Steven Hernandez, director of public policy and research for the Commission on Children, met with eight Norwich school and youth services officials Monday to discuss problems and proposed changes in the state's 12-year-old anti-bullying law.
The new emphasis, he said, will be to change the perception of the law from one that defines bullying and puts the onus on schools to apply the definition to a law that seeks to address student behaviors and improve the learning environment.
Participants in Monday's meeting had ready examples of how the law falls short of protecting students and instead scares school administrators into silence about actions they take in specific cases, citing student privacy.
As legislators consider new changes to the law - possibly influenced by Friday's fatal stabbing of a 16-year-old girl allegedly by a classmate in a Milford high school - the Commission on Children is launching a pilot program to train 30 high-school ambassadors to help improve the social climate in their schools.
The commission has partnered with the Norwich Bully Busters, the Yale Center for Emotional Intelligence and pop star Lady Gaga's anti-bullying Born this Way Foundation to start the ambassador program.

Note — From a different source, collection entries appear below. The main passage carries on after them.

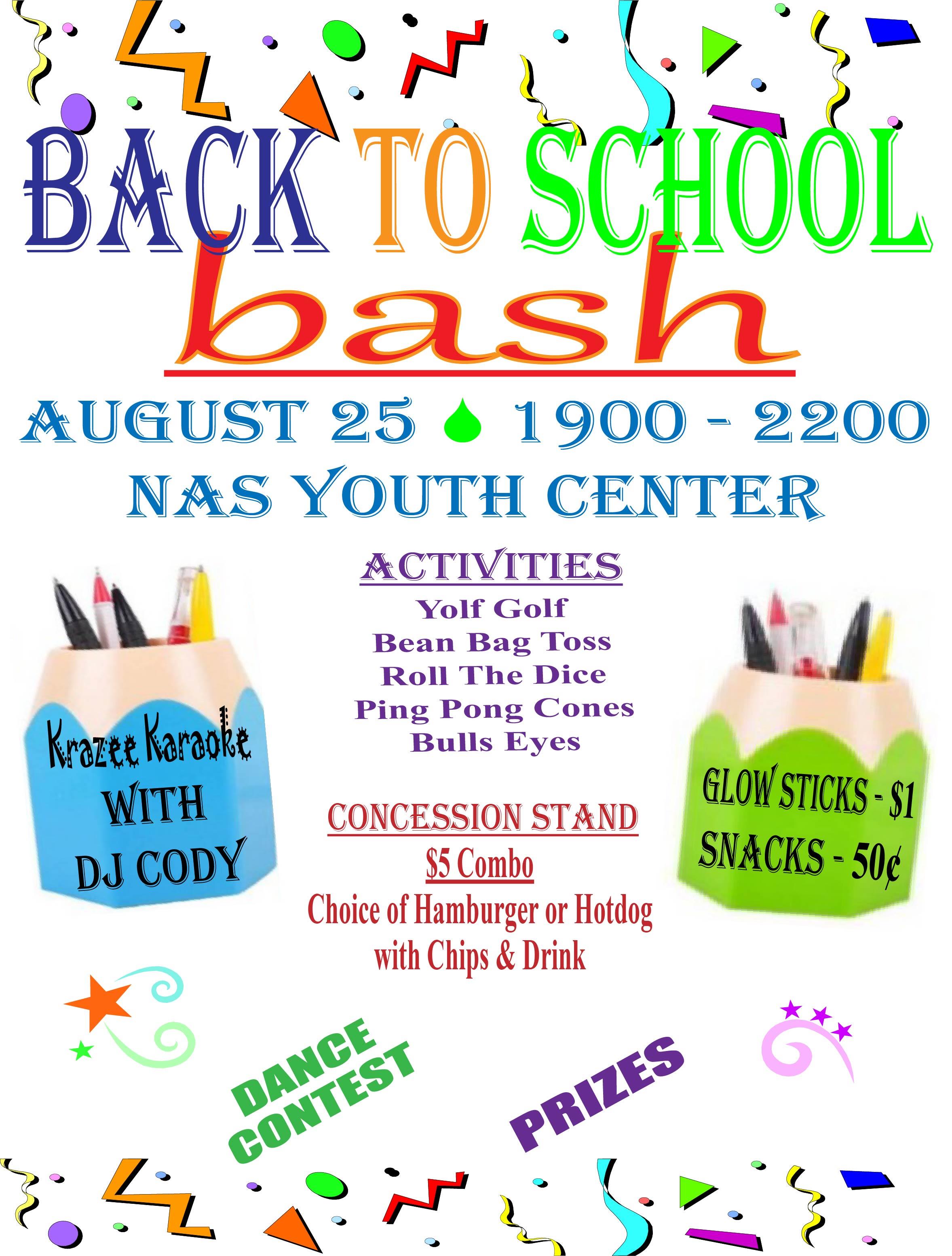 Who says going back to school has to be a bummer? We're celebrating going back to school with a bash Friday, August 25 from 7:00 - 10:00 p.m. at the NAS Youth Center.
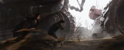 为了表现这一段的恢弘,视效团队在防御前面,大约制作了5万平方公里的人造风景,同时还在防御墙外,为“反牵引联盟”核心国山国制作了2万平方公里的人造风景。
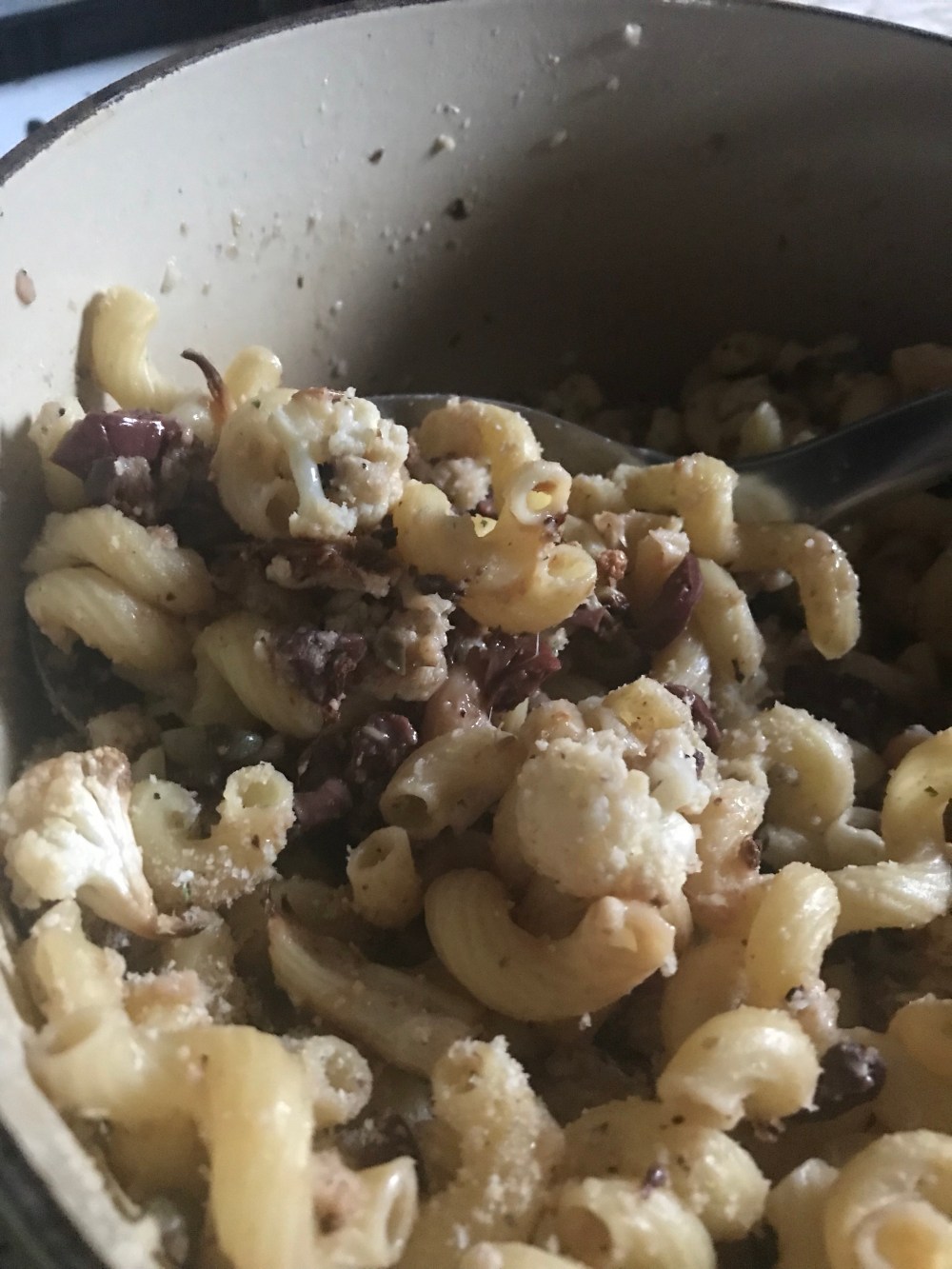In a large Dutch oven, heat olive oil and add garlic, stirring until garlic starts to turn golden. Add the chili flakes and chopped olives, stirring to combine. Next add the cauliflower and capers, just until combined.
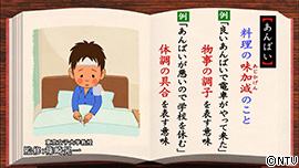 ここでいう『あんばい』とは、料理の味加減のこと。 |
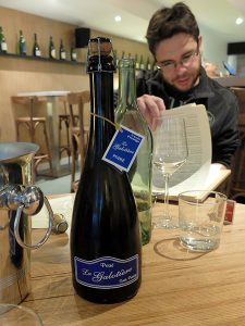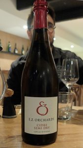 Une tout autre origine pour le dernier cidre de la soirée avec l’EZ Orchards qui nous vient de l’Orégon aux USA et m’avait été transmis par Darlene Hayes, éminente spécialiste Américaine du cidre. En bon Cornouaillais, nous avons un peu “galéré” avec la capsule (c’est assez courant aux USA), mais heureusement Ronan Gire a dégainé l’outil adéquat.
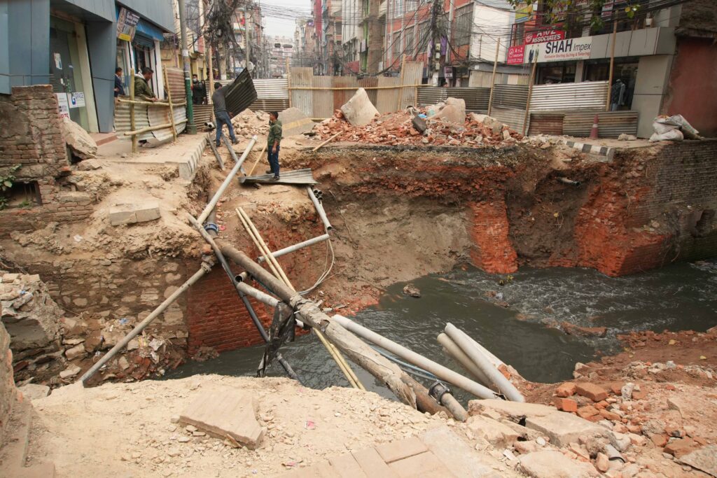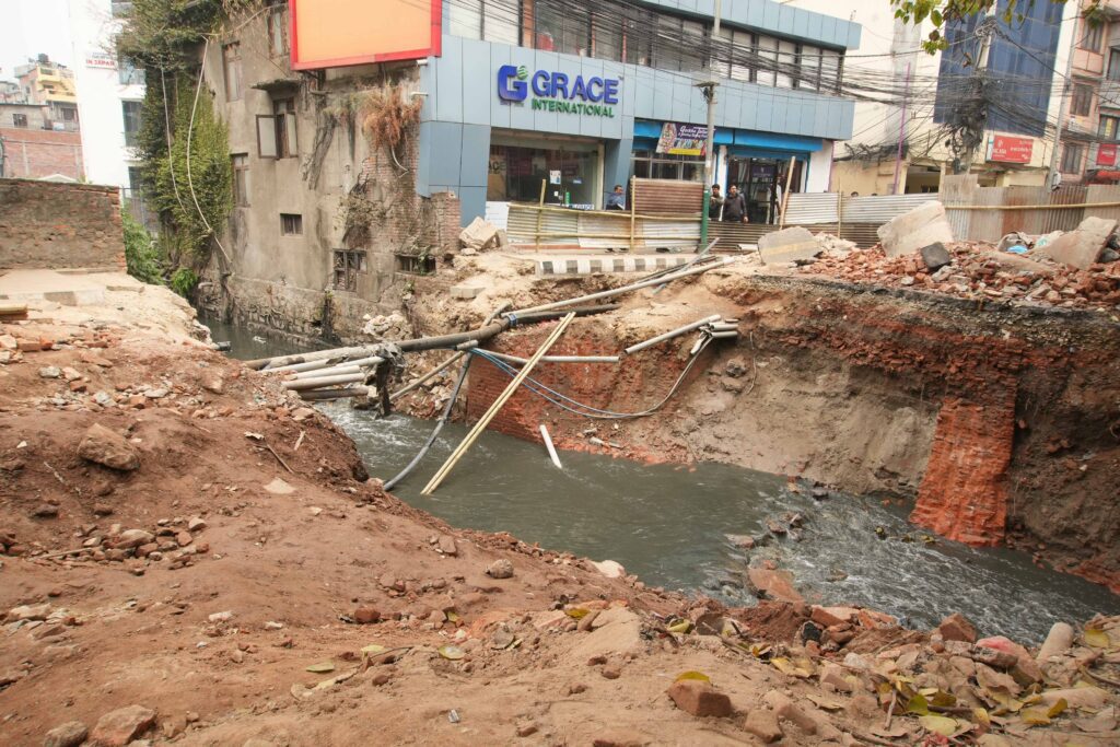 बागबजारस्थित टुकुचामा काठमाडौं महानगरपालिकाले थाल्यो सिंगल सेल बक्स कल्भट निर्माण
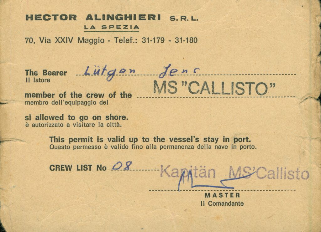 Ladeliste und Shorepässe adminMärz 6, 2026März 14, 2026 <span class="nav-subtitle screen-reader-text">Page</span> Previous PostAquatortaufeNext PostAlle Schiffe mit denen ich Gefahren bin und Reiserouten Related Posts Grossherzogin Elisabeth adminMärz 1, 2026März 14, 2026 MV Callisto (DLHH) adminMärz 2, 2026März 14, 2026 MV Carpricornus adminMärz 3, 2026März 14, 2026
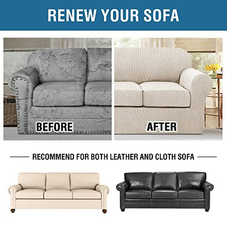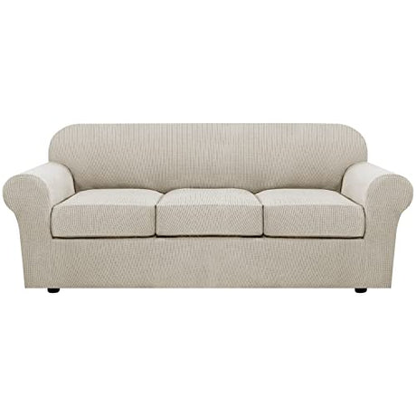 H.VERSAILTEX 4 Piece Stretch Sofa Covers for 3 Cushion Couch Covers for Living Room Furniture Slipcovers (Base Cover Plus 3 Seat Cushion Covers) Upgraded Thicker Jacquard Fabric (Sofa, Off White)

The 30 students - including one each from Norwich Free Academy, Norwich Regional Technical High School and NFA's Sachem transitional program - will come together for the first time June 14 at a gathering at Kelly Middle School. The students, to be selected from different ethnic, economic and geographical backgrounds, will be encouraged to communicate during the summer and to start their ambassadorships in fall.
Next April, the state will host a gala event for the group with a special guest appearance planned by Lady Gaga, Hernandez said.
"I'm here because Norwich is a good partner," Hernandez told representatives from Norwich schools, the Bully Busters program and Norwich Youth and Family Services. "We want to amplify what you're doing."
Lisa Allen, a social worker at Uncas Elementary School in Norwich said she tries to bring a similar concept to her younger students by creating a friendship ambassador program. Participating students wear lanyards that identify them as students who can help new students or students with problems get information or help.
Allen said she would like to see assertiveness training brought into the mix for students as young as kindergarten to teach them how to get along with others and how to recognize when their own behavior is causing a problem.
But Hernandez said the biggest complaint he gets from school officials is that the bullying law is one more unfunded mandate that requires reams of paperwork, mandatory reporting and assessments that consume staff time and limited resources.
That's another reason he gravitated toward the Bully Busters and program founder and coordinator Debbie Kievits. The program runs on a minimal budget, relies on donations and "micro-grants" and the dedication and energy of its leaders and students, Hernandez said.
He uses the program as an example of ways to promote positive social behavior at very low cost.